The digital imaging revolution shows no signs of slowing down. On the point-and-shoot front, the marketing war for consumer dollars grows more competitive each year each. Competition drives manufacturers to add features and cut prices, which provides consumers with more options.
Many photo enthusiasts don’t want to drag a DSLR, a full sized tripod, and a bag of lenses everywhere they go – they want small, quick, inconspicuous, responsive, high performance cameras designed by photographers for photographers. Straight shooters especially like compact point-and-shoots. Panasonic’s new Lumix ZS10 is the successor to last year’s ZS7, which legions of photography enthusiasts crowned the best prosumer point-and-shoot of 2010.
Manufacturers regularly tout the features and performance of their new cameras at consumer electronics shows, but they rarely address consumer complaints about a specific model’s design, features, ergonomics, and performance.
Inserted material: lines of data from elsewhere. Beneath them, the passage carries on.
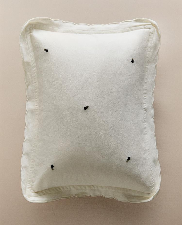 Детская наволочка с контрастными вышитыми цветами.
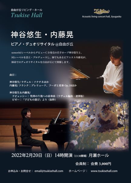 2022年2月20日(日)神谷悠生・内藤晃ピアノ・デュオリサイタル @自由が丘 は終了しました。ご来場御礼。
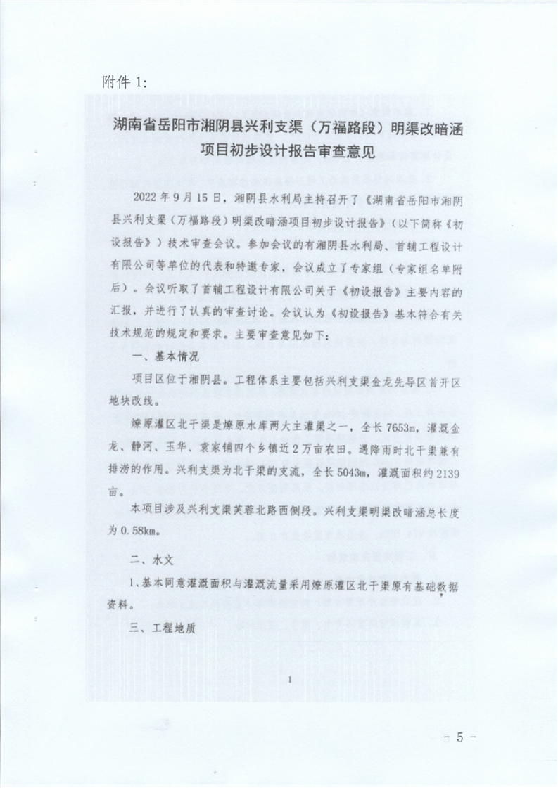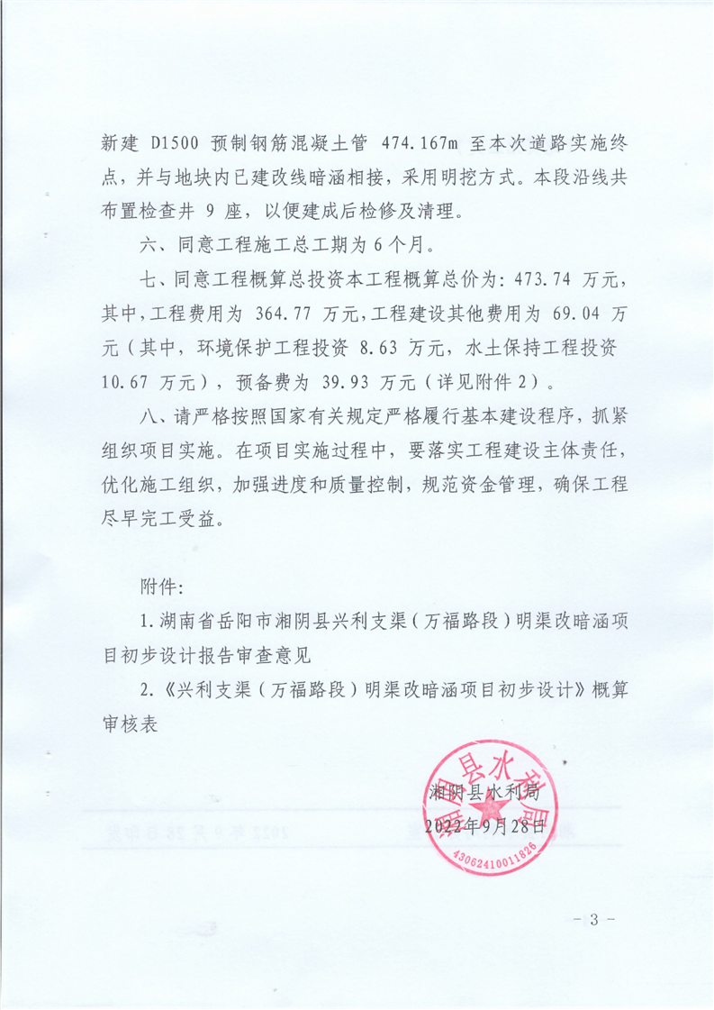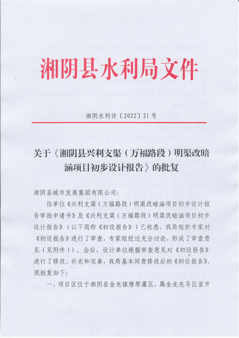 关于《湘阴县兴利支渠(万福路段)明渠改暗涵项目初步设计报告》的批复
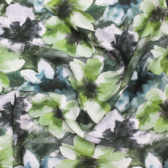 ПЛАТЬЕВАЯ КРЕП НАБИВНОЙ ш140 100%вискоза (цветы/т.морская волна/зеленый)
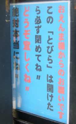 さて、えんま様はどこだ、と思うと正面にプラスティックの扉があり、左右にひらくようになっている。そこにはこう書かれている。
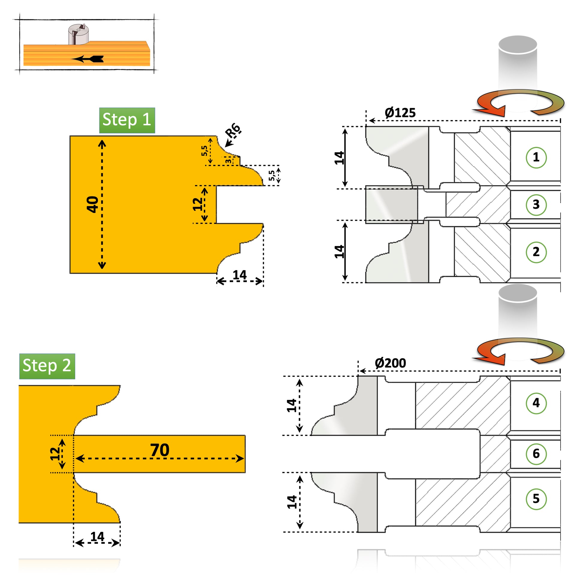 🔹 Оптимізована конструкція для дверей товщиною 40 мм – Геометрія різців дозволяє ефективно обробляти панелі та рами , гарантуючи ідеальне прилягання елементів.
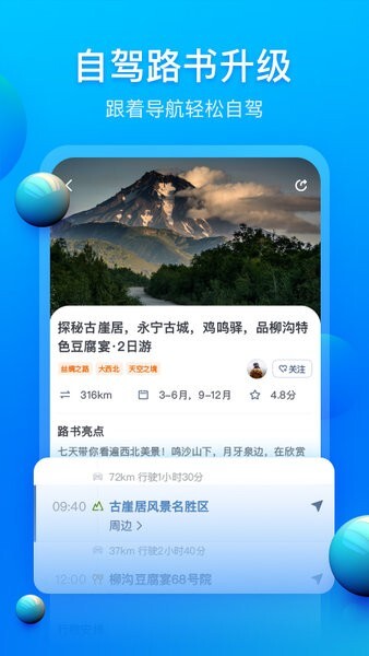 这款软件在推荐自驾游目的地时,不仅涵盖热门景点,还会兼顾对山水风光、人文底蕴与古村落的挖掘探索。
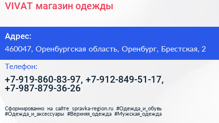 VIVAT, магазин одежды по адресу 460047, Оренбургская область, Оренбург, Брестская, 2 в дальнейшем Организация, размещена в следующих категориях:

Though the ZS7 was very popular, it was not a perfect camera and consumers spoke up about what they thought needed improvement. Panasonic listened and tailored the ZS10 to meet those expectations. In many significant ways the ZS10 represents a much larger step forward than its predecessor did over Panasonic’s earlier generations of point-and-shoot cameras.
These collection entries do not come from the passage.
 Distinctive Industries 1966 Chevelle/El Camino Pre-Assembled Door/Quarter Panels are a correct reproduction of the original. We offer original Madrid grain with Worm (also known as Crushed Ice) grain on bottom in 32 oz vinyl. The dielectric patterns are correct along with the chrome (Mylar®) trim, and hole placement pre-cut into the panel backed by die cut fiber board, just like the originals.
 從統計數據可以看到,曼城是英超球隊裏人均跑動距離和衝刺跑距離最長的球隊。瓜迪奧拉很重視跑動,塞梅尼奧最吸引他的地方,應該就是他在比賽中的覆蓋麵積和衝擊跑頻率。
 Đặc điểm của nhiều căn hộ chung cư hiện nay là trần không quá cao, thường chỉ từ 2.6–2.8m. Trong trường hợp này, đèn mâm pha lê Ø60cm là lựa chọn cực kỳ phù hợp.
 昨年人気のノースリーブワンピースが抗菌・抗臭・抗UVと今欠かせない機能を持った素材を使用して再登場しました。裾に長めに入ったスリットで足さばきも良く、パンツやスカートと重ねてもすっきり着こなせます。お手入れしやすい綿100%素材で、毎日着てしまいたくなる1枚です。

The ZS7 was a 12 megapixel digicam, while the ZS10 boasts 16 megapixel resolution – more pixel power for sure, but it could spell more noise at higher ISO sensitivities. The ZS7 featured a 12x (25-300mm equivalent) Leica zoom, while the ZS10 features a 16x (24-384mm equivalent) Leica zoom.
The ZS10 features a new MOS image sensor (the ZS7 featured a CCD image sensor). The ZS7’s slower-than-the-competition continuous shooting mode has been noticeably improved, the GPS landmark database and lookup features have been expanded, and the ZS10 captures 1080i (the ZS7 captured video at a maximum resolution of 720p) HD video. Other new features include slow motion video, composite noise reduction and a 3D capture mode for those who want to view their stuff on a 3D TV.
The Panasonic Lumix ZS10 is a typical looking and fairly inconspicuous black and silver point-and-shoot. Fit and finish are first rate and all controls are logically placed and easily accessed by right handed shooters with the exception of the one touch video capture button. Most digicams with a one touch video capture button place this control in the upper right corner of the camera’s rear deck – since that placement allows the camera user to simply push the video start/finish button with their right thumb. The ZS10’s tiny one touch video capture button is on the camera’s top deck – right where the shutter button is traditionally located – which in my opinion is counterintuitive.
The ZS10’s metal alloy body shell seems tough enough for just about anything and the weather/moisture and dust seals appear to be more than adequate. Though it is small enough to slip into a pocket, the Panasonic ZS10 is a solidly built compact – when you walk around with this camera in your shirt pocket you (and everyone else) will know you are carrying something fairly substantial.